A fenced-off mass grave near Kocho, Sinjar. Kocho was the site of the largest number of ISIS killings and is considered the epicenter of the Yazidi genocide that began in 2014. Photo by Matt Willingham/Preemptive Love Coalition.

That stuff is easy to write about. Any photographer or reporter can splash that on a screen and get clicks, because it plays right into the bad-news boxes we all keep in our heads.

You can walk away from a place like Sinjar crushed by the pain and hopelessness. Or you can walk away more determined, more brokenhearted-yet-hopeful than ever.

So what makes the difference?

In the war-torn corners of the world, it’s all about what you look for. Because you will find what you’re looking for.

Soldiers stand guard near a mass grave outside Kocho, Sinjar. Photo by Matt Willingham/Preemptive Love Coalition.

If you expect and assume despair, it’ll jump out at you from behind every corner. But if you’re thirsty for hope, you’ll find it, no matter the desert. This is what you’ve practiced when you step toward people on the margins in love.

When you sent aid to overlooked neighborhoods in Houston after Hurricane Harvey, our teams of staff and volunteers went in hungry to hear and share stories of hope and resilience.

When you helped save lives outside war-torn Benghazi, Libya, our team helicoptered over ISIS-controlled territory and into a forgotten conflict with the belief that hope would be waiting for us on the ground—and it was.

Photo by Matt Willingham/Preemptive Love Coalition

When you air-dropped food into a small town in western Iraq that was surrounded by ISIS fighters, starving and barely holding on, our team of heroic volunteers and partners and staff found the kind of grit and hope John Wayne could only dream of!

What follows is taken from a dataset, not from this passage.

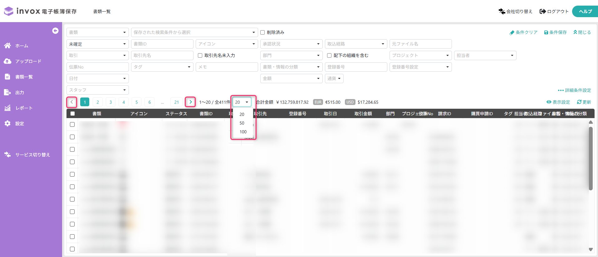 一度に表示される書類の数は20件/50件/100件から選択できます。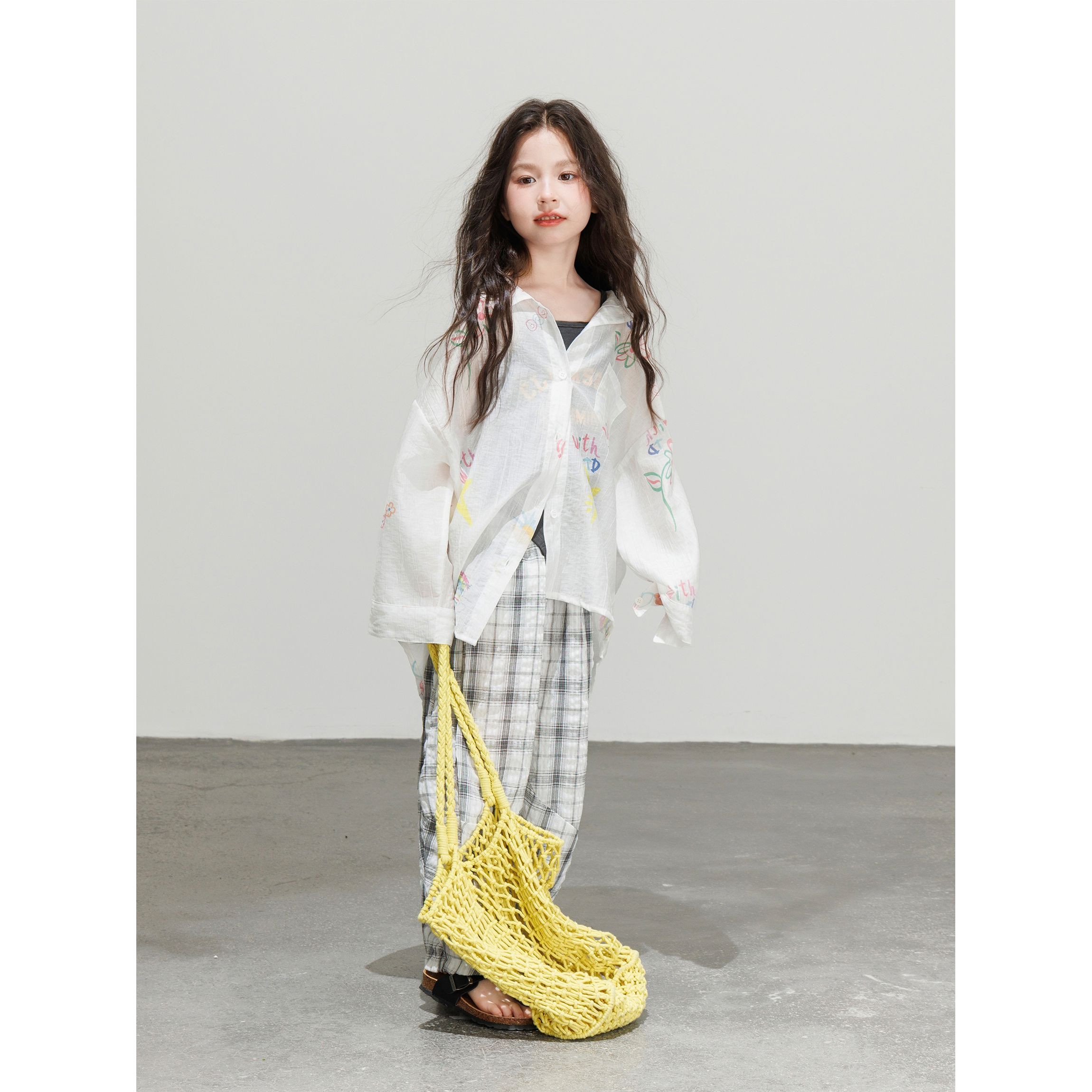 【现货】senbaby女童洋气涂鸦防晒衣衬衫夏装儿童透气防晒外套

When we began preparing to bring yet another round of aid into the former war zone of Sinjar—preparations that began months ago, that began with listening to the people we want to serve—we can feel it again. We’re expectant.

Sinjar is a special place for us—and for many of you. You’ve sent help to this mountain several times before. You’ve helped people who called this mountain home reclaim their lives after being driven away by ISIS. You’ve helped them become soapmakers and shepherds. You’ve helped them to thrive again.

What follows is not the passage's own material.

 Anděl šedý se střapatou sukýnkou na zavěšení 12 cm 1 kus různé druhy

Families are slowly returning to Sinjar. Some never left, even through the most hellish days. But there is little for families here. The world’s attention has long since moved on.

But still we go—and so do you. Because our hearts never left this mountain. We go expectantly. Which moments will fill us with hope? Who will we meet that inspires us, encourages us? What will cut through the wandering despair and point us to that true north of loving first, of choosing to love anyway?

It always happens, if we look for it.